13. Whose value comes as payoff to parents, as children do not rank this highly.

14. Still a contentious subject with a rich history of controversy. Briefly: Candy Corn, as of 2006, remained unclassified, but as of 2007 had been tentatively placed in the Upper Chewy/Upper Devonian. 2008: no sighting. In recent years, we have elected to leave in the same tier as consensus has yet to be determined.

15. The discontinued candy, not the equally rankable discontinued board game.

16. Oh smack, can you even imagine if you got Fritos?

17. Unless it’s something caramel, pronounced “caramel.”

18. By some accounts, these two are actually one and the same (Gadgetgirl, 2010)

19. Yet some would be just as well to be left off. Bit-o-Honey, for example, might be called a lower tier member, but why bother? It says to your trick-or-treaters, “Here, I don’t care, just take this.” The lesson of Bit-o-Honey is: you lose. Doorstep offers of lectures in civics, too. You’re making a social statement–“I hate you and everything you represent”– when you give these out.

20. Yes, we really meant fruit that is healthy, clean-cut upstanding fruit that takes time from its gym membership and all the demands that come with it to contribute a positive message of citizenship and camaraderie to the community.  This isn’t a typo of healthy for healthful. (see U.M.H. 2011)

21. Research has further defined this relationship. Currently, it has been suggested that Blackwing Pencils > Hugs > Creepy Hugs > Pencils. (Lobster, Prufrock451, and Warreno, 2010)

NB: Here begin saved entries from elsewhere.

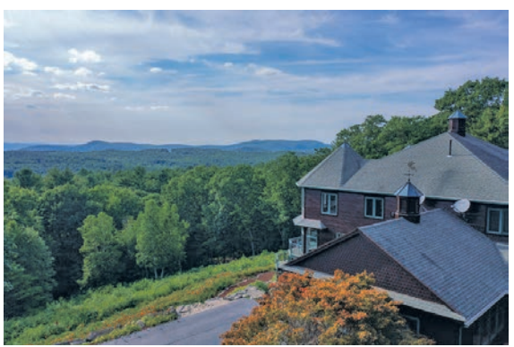
34 Sumner Mountain Rd, Shutesbury, MA Big Sky Views in the 5 College Area Near Amherst, MA $1,395,000 | 5 Beds | 4 Baths | 4,542 SF Jeff Loholdt & George Cain | 34sumnermountainrd.com
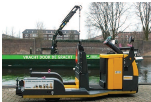
Figure 3. The Mover (Mokum Mariteam, 2012)

When the vessel are loaded, they sail among the old canals to the inner-city (see Figure 2). Not all the canals are suitable for these freight vessels. In our model dedicated canals are specified considering the width and headroom of the vessels (an de Kamp, 2016).
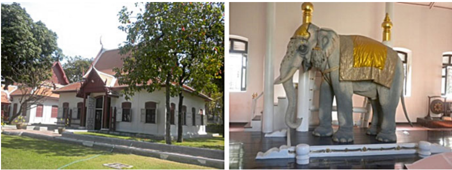
Fig. 6 The Royal Elephant National Museum in Bangkok
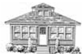
Example of One-story Cube building form

Noncontributing (National Register definition). A building, site, structure, or object that does not add to the historic architectural qualities or historic associations for which a property is significant. The resource was not present during the period of significance; does not relate to the documented
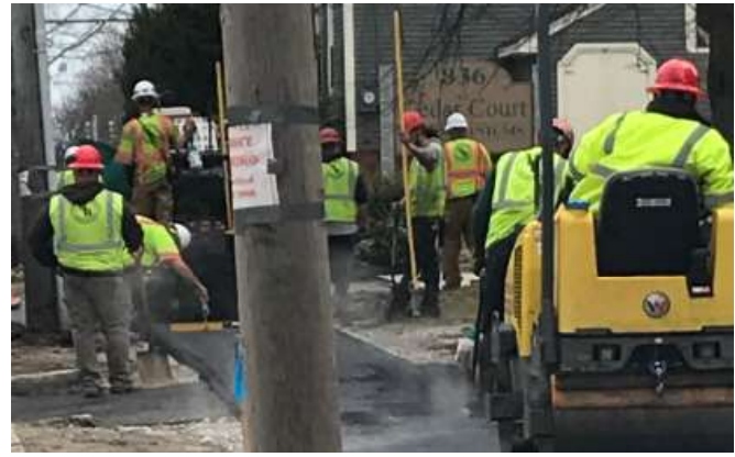
The Washington Avenue Improvements project paves sidewalks.

Kleinfelder staff provided detailed inspection and documentation with the goal of proactively mitigating any potential issues to maintain schedule and prevent delays on this complex project.
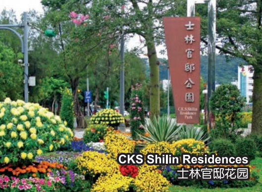
CKS Shilin Residences 士林官邸花园
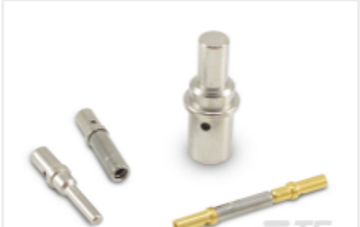
TE Part #CAT-D48-ST273 DEUTSCH Solid Contacts
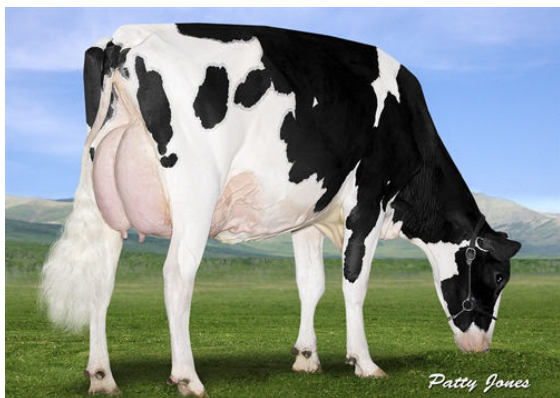
EDG RUBY UNO RIZA

22. Unless you eat them properly. To quote Anonymous, 2010: “The trick to realizing how brilliant and delicious Now ‘n Laters are is a two step process. The first step is to carefully read the name of the candy. “Now ‘n Later.” What does it mean, you ask? Well, it implies that the candy will be different “now” (when you put it in your mouth) and at some point “later” in time. A small leap of logic takes us to the second step: be patient. You need to suck on it for a while until it softens. If you skip this step, the Now ‘n Later will be an inedible, rock-like colorful brick quite worthy of the low end of the hierarchy. But if you are patient in your candy-eating process, oh the rewards you will reap!”

B.R. Cohen is a professor, a writer, and a guy who used to blog with Dave Ng.  He teaches at Lafayette College in Easton, PA.